Note 6:   During the nine months period ended September 30, 2013 the Company received cash proceeds of $5,000 for this convertible debt obligation which bears interest at the rate of 12%.  This note is convertible into a number of shares by dividing the principal and interest owed by 30% of the average lowest trading price during a 15 day trading period prior to the date of conversion. During the 3rd quarter, the Company settled entire debt by issuing common stock yielding a balance of $nil as of September 30, 2013.  A debt discount was recorded for $5,000 based on the fact that there was a beneficial conversion feature in the convertible promissory note.  Entire debt discount was fully amortized at conversion of the debt.  On May 20, 2013, the Company issued convertible notes with embedded derivative features that were classified as derivative liabilities.  These notes causes a tainted equity environment; therefore this convertible note was classified as derivative liabilities as of May 20, 2013.  The Company evaluated the derivative liabilities and debt discount related to this note on May 20, 2013.  As the note was fully discounted, debt discount due to derivative liabilities in the amount of $13,699 was recorded as loss on derivative as of September 30, 2013.

Note 7:   During the nine months period ended September 30, 2013 the Company received cash proceeds of $35,000 for this debt obligation which bears interest at the rate of 12%.  The Company settled $15,525 in debt for common stock, yielding a balance of $19,475 at the end of the period, and there is $2,346 in accrued interest on the note.
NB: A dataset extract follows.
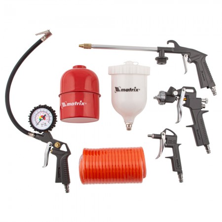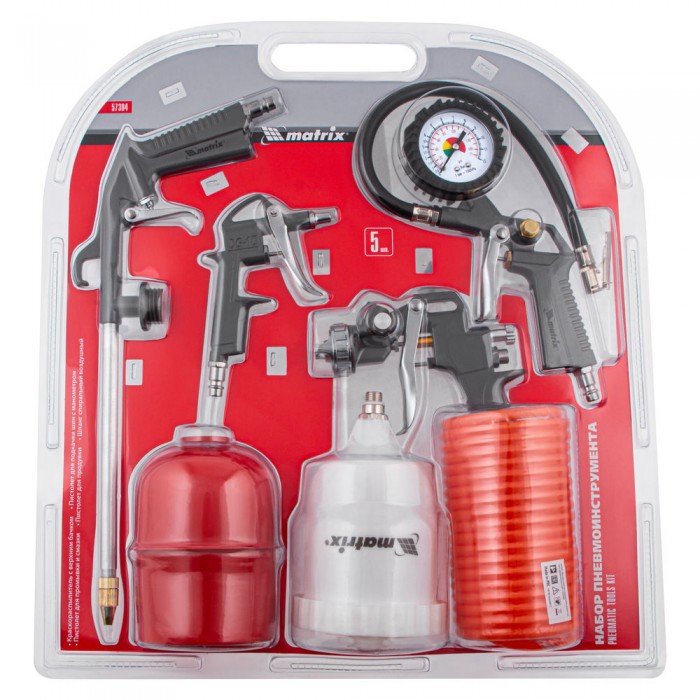 Набор пневмоинструмента, 5 предметов, быстросъемное соединение, краскораспылитель с верхним бачком Matrix (57304)

A debt discount was recorded for $35,000 based on the fact that there was a beneficial conversion feature in the promissory note.  Total debt discount amortization for the period was $29,504. This note is convertible into a number of shares by dividing the principal and interest owed by 30% of the average lowest trading prices over the 15 days prior to the conversion date.  This conversion option does not become effective until 180 days after issuance of the note.  On May 20, 2013, the Company issued convertible notes with embedded derivative features that were classified as derivative liabilities.  These notes causes a tainted equity environment; therefore this convertible note was classified as derivative liabilities as of May 20, 2013.  The Company evaluated the derivative liabilities and debt discount related to this note on May 20, 2013.  As the note was fully discounted, debt discount due to derivative liabilities in the amount of $95,769 was recorded as loss on derivative as of September 30, 2013.  Financing costs of $6,050 were paid in conjunction with this debt.  These fees are amortized over the term of the loan and a total of $4,538 was amortized as of September 30, 2013.

 
F - 12

 
 
Note 8:  During the nine months period ended September 30, 2013 the Company received cash proceeds from promissory notes in the amount of $12,500 and $19,000, each bears interest at the rate of 6% respectively, from a note holder.  On August 14, 2013, the Company signed a debt exchange agreement to amend one of the original notes in the amount of $19,000 to a convertible promissory note.  This convertible promissory note allows note holder to convert outstanding balance to common stock at 25% of the Company’s common stock’s closing price on conversion date.  In addition, on August 14, 2013, note holder entered into debt assignment agreements to assign $12,500 interest of the other original note to unrelated third party.  The Company then, on the same day, signed a convertible promissory note agreement with the assignee for the interest being assigned.  This convertible note bears 8% annual interest, and it is convertible into common at $0.00125 per share.  During the 3rd quarter, the Company settled both convertible notes by issuing common stock, yielding a balance of $nil.  The Company evaluated the derivative liabilities related to the two convertible notes. Debt discount of $19,000 and $12,500, and loss on derivative of $20 and $13 was recorded respectively due to embedded derivative feature of the convertible promissory note.  Entire debt discount of the notes were fully amortized at conversion as of September 30, 2013.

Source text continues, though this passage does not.